The simulation loop is similar to the NumPy version: it cycles through agents, checks each one for happiness, and moves the unhappy ones.

27.5. Results

JAX compiles functions the first time they’re called. Let’s warm them up before timing the simulation:

key = random.key(42)
key, init_key = random.split(key)
test_locations, test_types = initialize_state(init_key, params)

_ = is_happy(test_locations[0], 0, test_locations, test_types, params)
key, subkey = random.split(key)
_, _ = move_agent(0, test_locations, test_types, subkey, params)

print("JAX functions compiled and ready!")

JAX functions compiled and ready!

Now let’s run the simulation:

locations, types = run_simulation(params)

Entering iteration 1
Entering iteration 2
Entering iteration 3
Entering iteration 4
Entering iteration 5
Entering iteration 6
Entering iteration 7
Entering iteration 8
Converged in 12.89 seconds after 8 iterations.
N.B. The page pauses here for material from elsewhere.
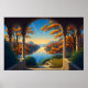 Framed by graceful stone arches, a luminous autumn landscape unfolds in brilliant color and light. Golden foliage glows against a tranquil lake, while radiant sunbeams stretch across the sky and reflect on the water below. The composition draws the eye outward through the archway, creating a sense of depth, warmth, and quiet grandeur. This piece captures the magic of autumn light in a serene and timeless setting.

27.6. Limitations of This Approach

While this lecture demonstrated JAX syntax and concepts, the algorithm itself doesn’t fully leverage JAX’s parallel capabilities. The original Schelling algorithm has inherent sequential dependencies:

• Agents update one at a time

• Each agent’s move changes the state for subsequent agents

• The “move until happy” while loop has unpredictable length

These characteristics don’t map well to parallel hardware like GPUs, which excel at performing the same operation on many data points simultaneously.

In the next lecture, we’ll restructure the algorithm to better leverage JAX’s parallel capabilities.